Word for word, repeat the lines of the records from the first line up to and including the line that contains "44 de 33 A 34", passing over any pictures.

Stored entries
..............................
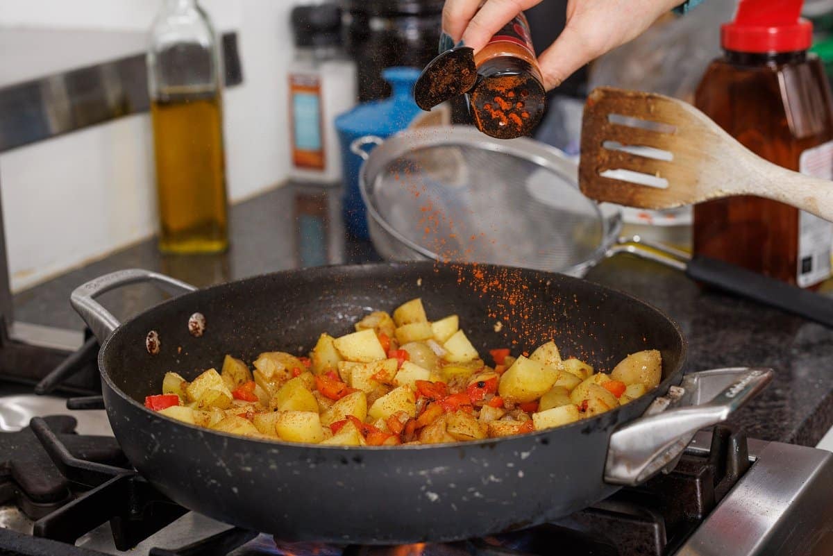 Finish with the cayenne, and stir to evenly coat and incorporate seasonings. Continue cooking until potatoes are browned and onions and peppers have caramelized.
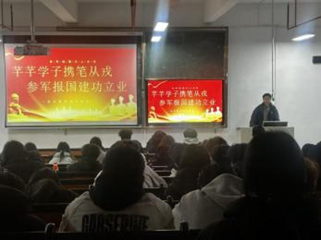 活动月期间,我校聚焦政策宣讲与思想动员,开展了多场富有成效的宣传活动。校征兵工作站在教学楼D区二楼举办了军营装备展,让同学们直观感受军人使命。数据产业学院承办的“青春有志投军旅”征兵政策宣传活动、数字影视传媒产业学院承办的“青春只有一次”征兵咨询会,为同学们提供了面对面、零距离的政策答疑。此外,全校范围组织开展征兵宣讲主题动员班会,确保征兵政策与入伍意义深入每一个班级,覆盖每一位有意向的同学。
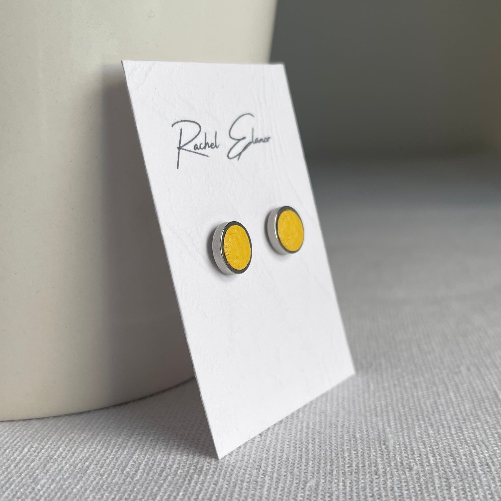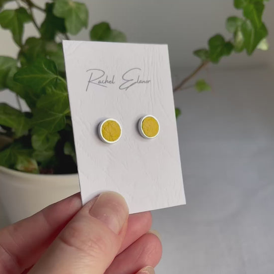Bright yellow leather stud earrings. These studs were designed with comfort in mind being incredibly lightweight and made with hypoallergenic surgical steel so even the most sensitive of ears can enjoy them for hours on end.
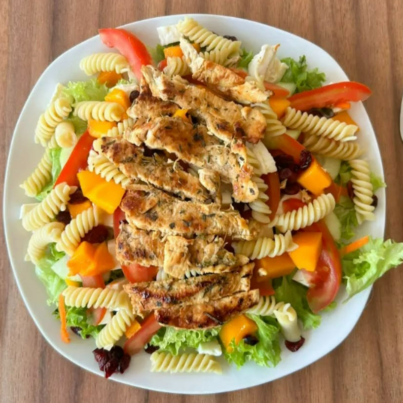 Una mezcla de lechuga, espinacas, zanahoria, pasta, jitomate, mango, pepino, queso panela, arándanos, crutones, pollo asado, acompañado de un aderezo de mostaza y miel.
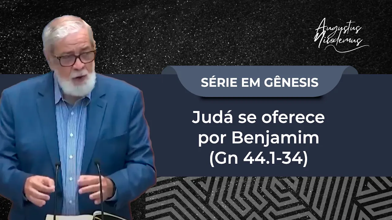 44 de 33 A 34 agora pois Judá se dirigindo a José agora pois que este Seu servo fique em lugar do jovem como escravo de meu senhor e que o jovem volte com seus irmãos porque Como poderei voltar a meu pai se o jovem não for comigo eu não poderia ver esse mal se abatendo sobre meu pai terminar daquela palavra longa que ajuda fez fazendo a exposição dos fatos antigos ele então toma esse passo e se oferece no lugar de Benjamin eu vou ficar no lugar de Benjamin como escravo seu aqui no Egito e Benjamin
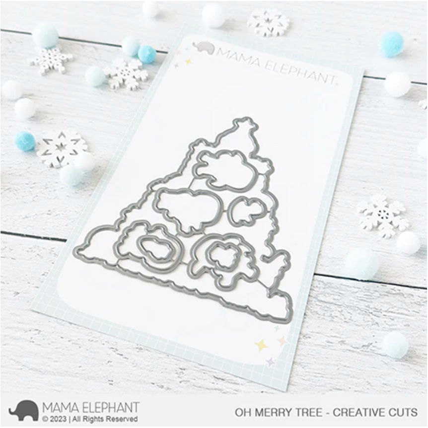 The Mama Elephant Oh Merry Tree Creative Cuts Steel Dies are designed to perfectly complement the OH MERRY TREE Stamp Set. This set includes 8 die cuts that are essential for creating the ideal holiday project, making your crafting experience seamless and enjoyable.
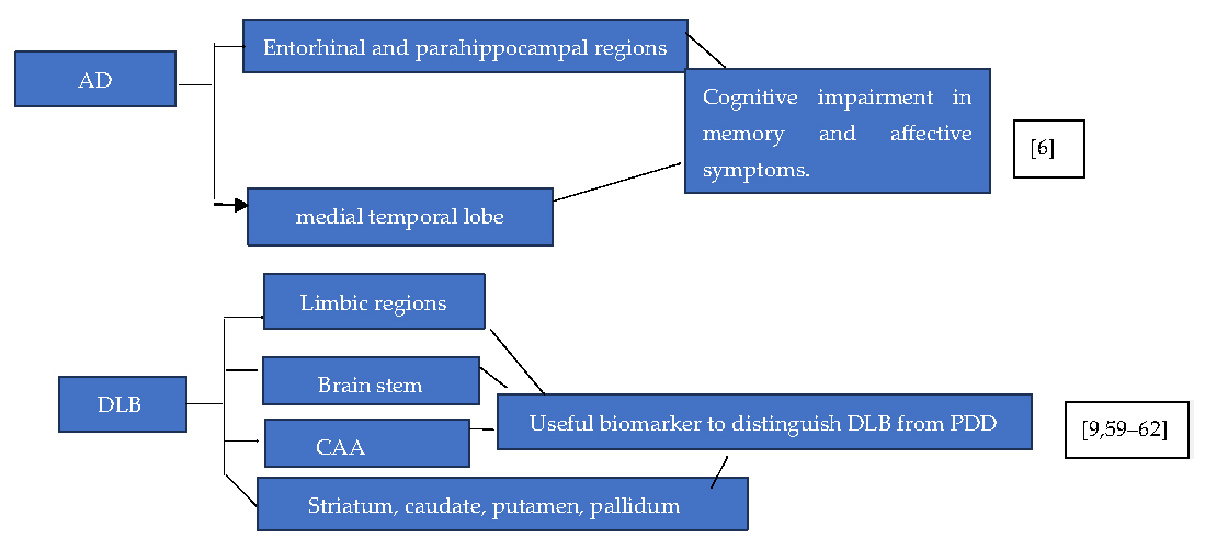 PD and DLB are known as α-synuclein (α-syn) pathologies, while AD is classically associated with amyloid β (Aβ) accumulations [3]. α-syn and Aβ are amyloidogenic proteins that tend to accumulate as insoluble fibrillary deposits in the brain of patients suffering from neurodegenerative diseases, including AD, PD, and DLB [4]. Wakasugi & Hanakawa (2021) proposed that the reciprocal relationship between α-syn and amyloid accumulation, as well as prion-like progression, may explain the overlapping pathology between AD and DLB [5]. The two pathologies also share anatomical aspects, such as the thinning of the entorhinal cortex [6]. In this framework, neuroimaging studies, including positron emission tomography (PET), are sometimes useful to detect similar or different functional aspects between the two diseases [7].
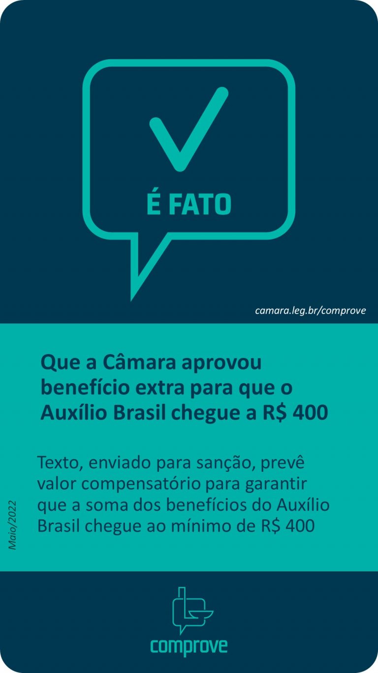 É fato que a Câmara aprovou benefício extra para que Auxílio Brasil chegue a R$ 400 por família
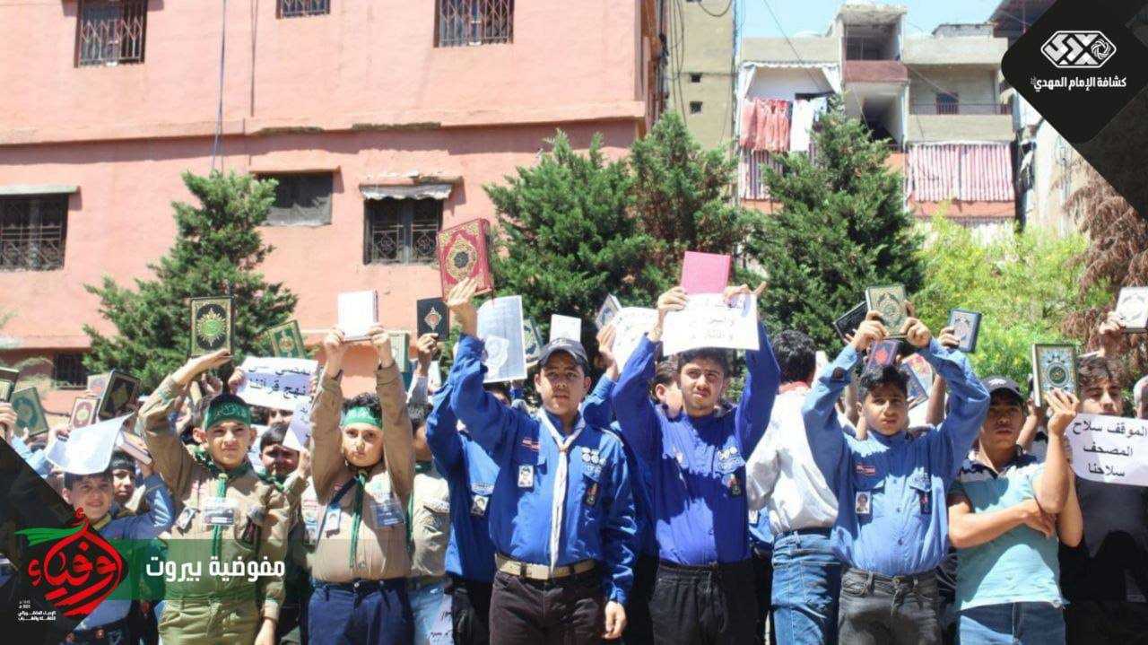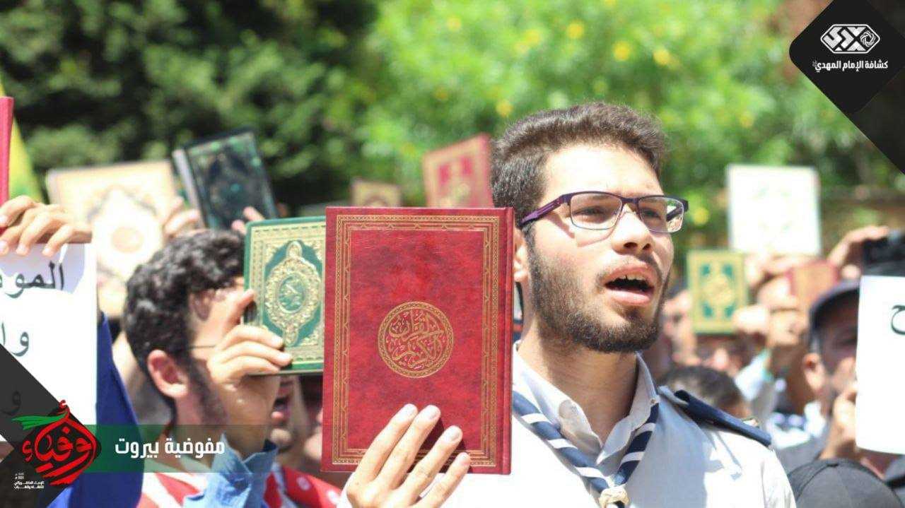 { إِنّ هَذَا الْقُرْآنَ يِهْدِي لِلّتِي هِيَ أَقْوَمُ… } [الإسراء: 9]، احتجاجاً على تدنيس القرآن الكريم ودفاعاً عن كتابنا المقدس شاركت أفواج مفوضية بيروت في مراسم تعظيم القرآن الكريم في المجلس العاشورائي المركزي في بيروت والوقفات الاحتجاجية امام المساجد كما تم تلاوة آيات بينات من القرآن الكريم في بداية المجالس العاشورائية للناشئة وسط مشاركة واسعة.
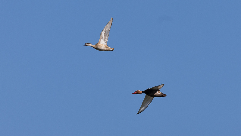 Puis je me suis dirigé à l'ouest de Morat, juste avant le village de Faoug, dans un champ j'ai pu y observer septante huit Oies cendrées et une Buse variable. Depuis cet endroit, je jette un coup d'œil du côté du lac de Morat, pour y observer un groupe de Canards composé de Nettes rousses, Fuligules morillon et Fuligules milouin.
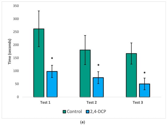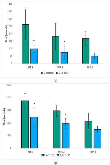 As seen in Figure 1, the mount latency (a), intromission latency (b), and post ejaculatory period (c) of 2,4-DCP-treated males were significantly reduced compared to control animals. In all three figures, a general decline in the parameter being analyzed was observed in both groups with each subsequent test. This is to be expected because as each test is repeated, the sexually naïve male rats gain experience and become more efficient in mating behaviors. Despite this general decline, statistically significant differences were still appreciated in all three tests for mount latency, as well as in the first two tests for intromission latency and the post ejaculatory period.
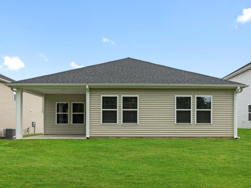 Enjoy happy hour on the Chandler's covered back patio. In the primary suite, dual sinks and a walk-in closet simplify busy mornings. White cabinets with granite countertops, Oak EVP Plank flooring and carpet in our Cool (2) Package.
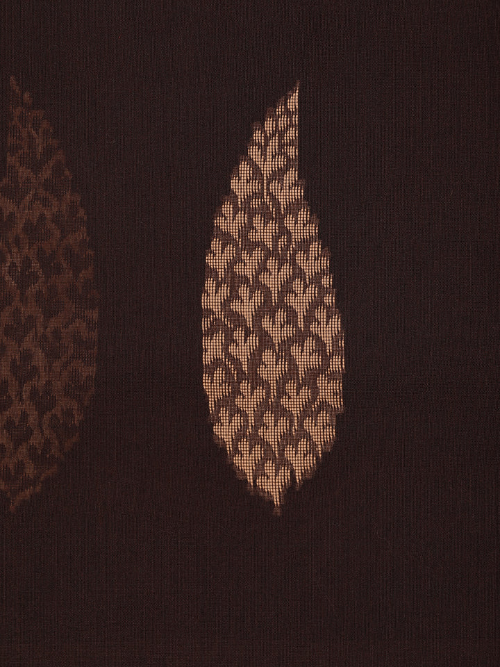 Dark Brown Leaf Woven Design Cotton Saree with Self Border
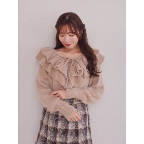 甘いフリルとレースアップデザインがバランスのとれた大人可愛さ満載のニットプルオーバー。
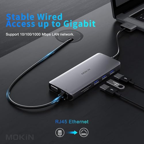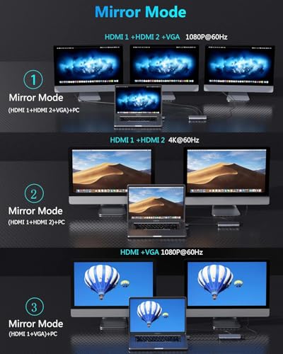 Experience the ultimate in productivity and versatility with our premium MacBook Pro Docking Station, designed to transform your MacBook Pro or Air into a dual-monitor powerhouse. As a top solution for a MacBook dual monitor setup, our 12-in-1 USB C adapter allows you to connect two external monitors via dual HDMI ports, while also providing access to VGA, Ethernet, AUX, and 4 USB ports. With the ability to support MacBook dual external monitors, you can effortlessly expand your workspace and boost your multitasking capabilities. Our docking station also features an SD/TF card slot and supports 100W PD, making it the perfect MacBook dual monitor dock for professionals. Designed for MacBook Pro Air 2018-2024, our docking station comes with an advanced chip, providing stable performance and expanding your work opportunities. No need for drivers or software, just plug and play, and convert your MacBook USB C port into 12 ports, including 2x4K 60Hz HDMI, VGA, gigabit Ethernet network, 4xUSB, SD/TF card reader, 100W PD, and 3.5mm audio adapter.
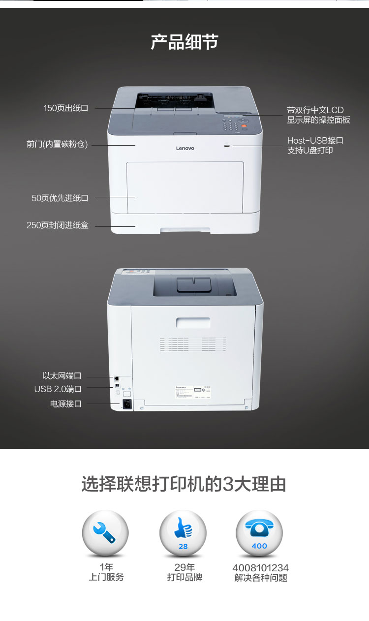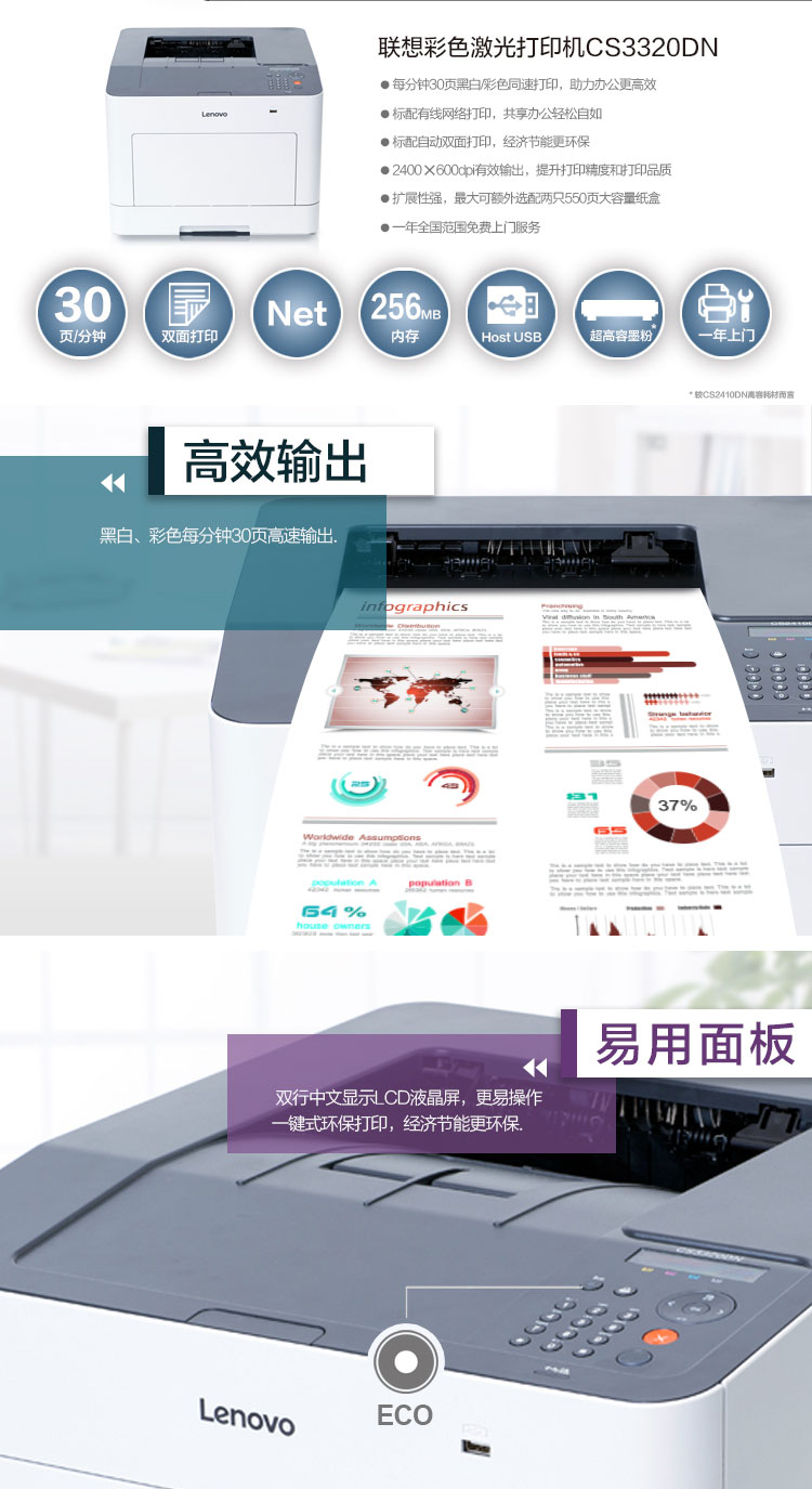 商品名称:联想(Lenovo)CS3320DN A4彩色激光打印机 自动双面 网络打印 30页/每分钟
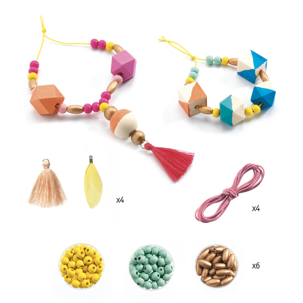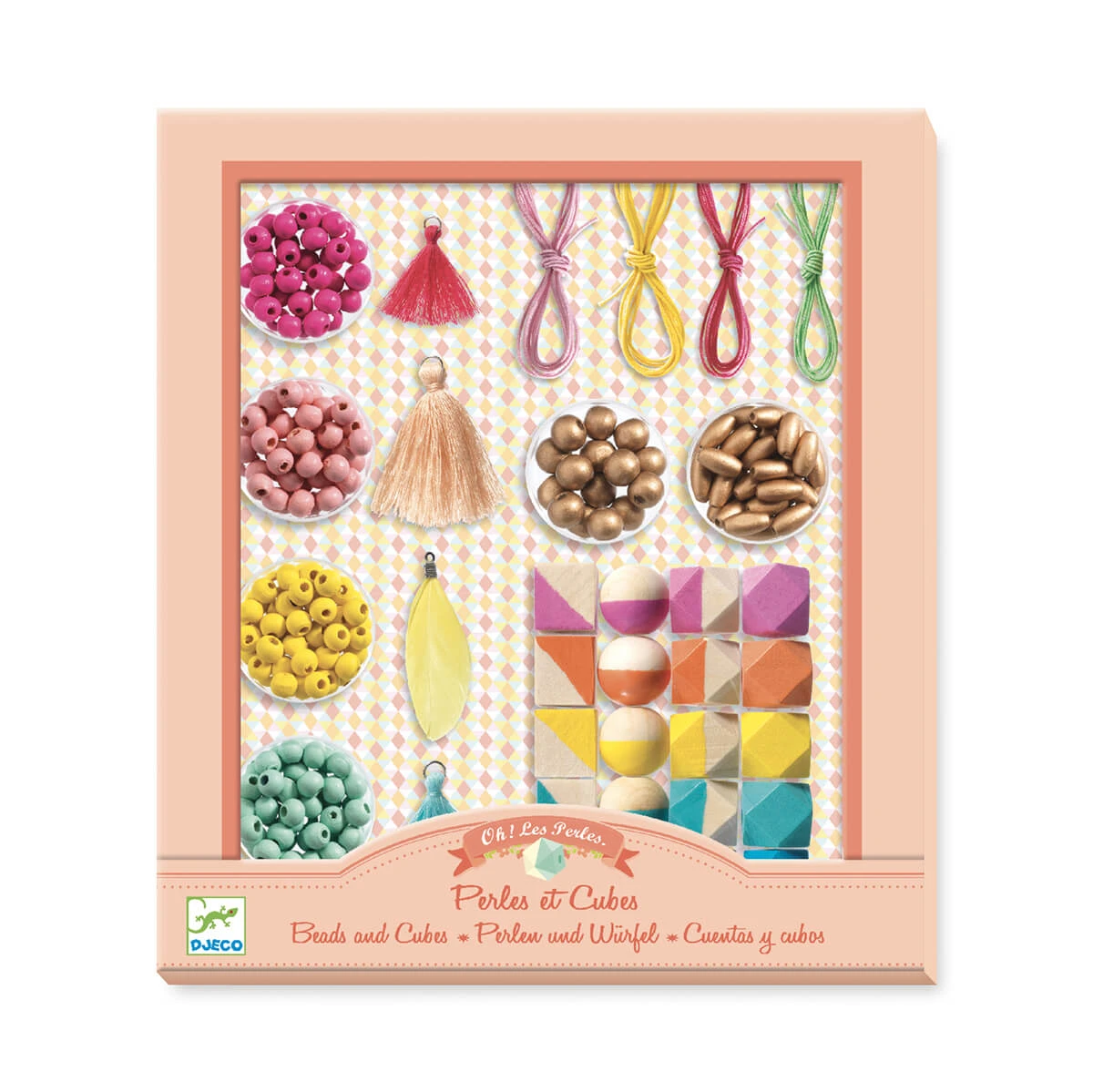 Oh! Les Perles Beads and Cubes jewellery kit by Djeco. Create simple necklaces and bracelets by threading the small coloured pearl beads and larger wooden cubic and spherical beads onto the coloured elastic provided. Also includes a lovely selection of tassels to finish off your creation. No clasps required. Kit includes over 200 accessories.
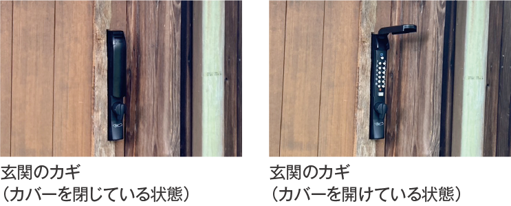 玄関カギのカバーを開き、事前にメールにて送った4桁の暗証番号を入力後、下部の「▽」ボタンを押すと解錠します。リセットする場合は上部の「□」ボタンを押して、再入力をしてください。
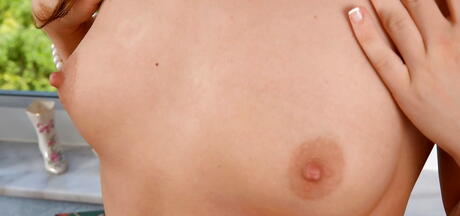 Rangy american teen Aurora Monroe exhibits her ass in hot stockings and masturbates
..............................
**SOLUTION TO THE EXERCISE**
 Finish with the cayenne, and stir to evenly coat and incorporate seasonings. Continue cooking until potatoes are browned and onions and peppers have caramelized.
 活动月期间,我校聚焦政策宣讲与思想动员,开展了多场富有成效的宣传活动。校征兵工作站在教学楼D区二楼举办了军营装备展,让同学们直观感受军人使命。数据产业学院承办的“青春有志投军旅”征兵政策宣传活动、数字影视传媒产业学院承办的“青春只有一次”征兵咨询会,为同学们提供了面对面、零距离的政策答疑。此外,全校范围组织开展征兵宣讲主题动员班会,确保征兵政策与入伍意义深入每一个班级,覆盖每一位有意向的同学。
Bright yellow leather stud earrings. These studs were designed with comfort in mind being incredibly lightweight and made with hypoallergenic surgical steel so even the most sensitive of ears can enjoy them for hours on end.
 Una mezcla de lechuga, espinacas, zanahoria, pasta, jitomate, mango, pepino, queso panela, arándanos, crutones, pollo asado, acompañado de un aderezo de mostaza y miel.
 44 de 33 A 34 agora pois Judá se dirigindo a José agora pois que este Seu servo fique em lugar do jovem como escravo de meu senhor e que o jovem volte com seus irmãos porque Como poderei voltar a meu pai se o jovem não for comigo eu não poderia ver esse mal se abatendo sobre meu pai terminar daquela palavra longa que ajuda fez fazendo a exposição dos fatos antigos ele então toma esse passo e se oferece no lugar de Benjamin eu vou ficar no lugar de Benjamin como escravo seu aqui no Egito e Benjamin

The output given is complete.